The main idea behind both Prim’s algorithm and Kruskal’s algorithm is the cut property.

Consider any subset S of all vertices V of the graph. Consider all edges going from a vertex in S to a vertex outside S. The cut property states that, if $e$ is the edge with minimum weight among all these edges, then $e$ must be part of the minimum spanning tree.

**Proof of cut property**: The proof is quite simple. Assume the contrary, that is, the MST of the graph does not include $e$. Since the minimum spanning tree spans all vertices, it has at-least one edge $e'$ going from S to outside S. If this edge is replaced by $e$, we get a spanning tree with lesser weight. This is a contradiction, since the original tree was a *minimum* spanning tree.
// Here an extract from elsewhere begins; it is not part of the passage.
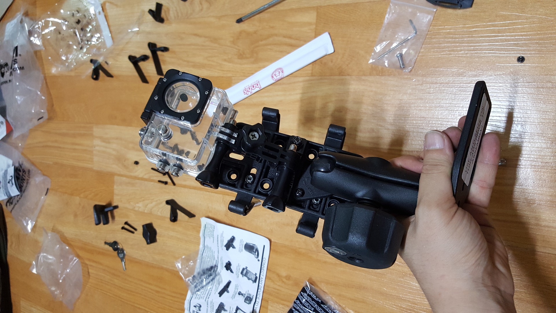 네 램마운트랑 연결해서 따로 거치대 만들 필요도 없고 좋을거 같아요!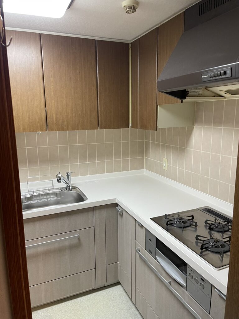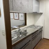 新しくするところと残すところを丁寧に見極めた、バランス感覚のあるキッチンリフォームです。ラスティックアッシュの木目調扉が空間に落ち着きと温かみをもたらし、人造大理石ワークトップ(グロウホワイト)との組み合わせが明るさと自然なぬくもりを調和させています。

## Correctness of Kruskal’s algorithm

In Kruskal’s algorithm, in each step, we consider edges sorted by weight. We include an edge only if connecting it’s end-points don’t form a cycle with already chosen edges.

Let the current edge be (u, v). Consider S = set of all edges u is connected to via edges already chosen in the MST. The current edge (u, v) is the minimum-weight edge from set S to all vertices outside S. Hence, (u, v) must be part of the MST.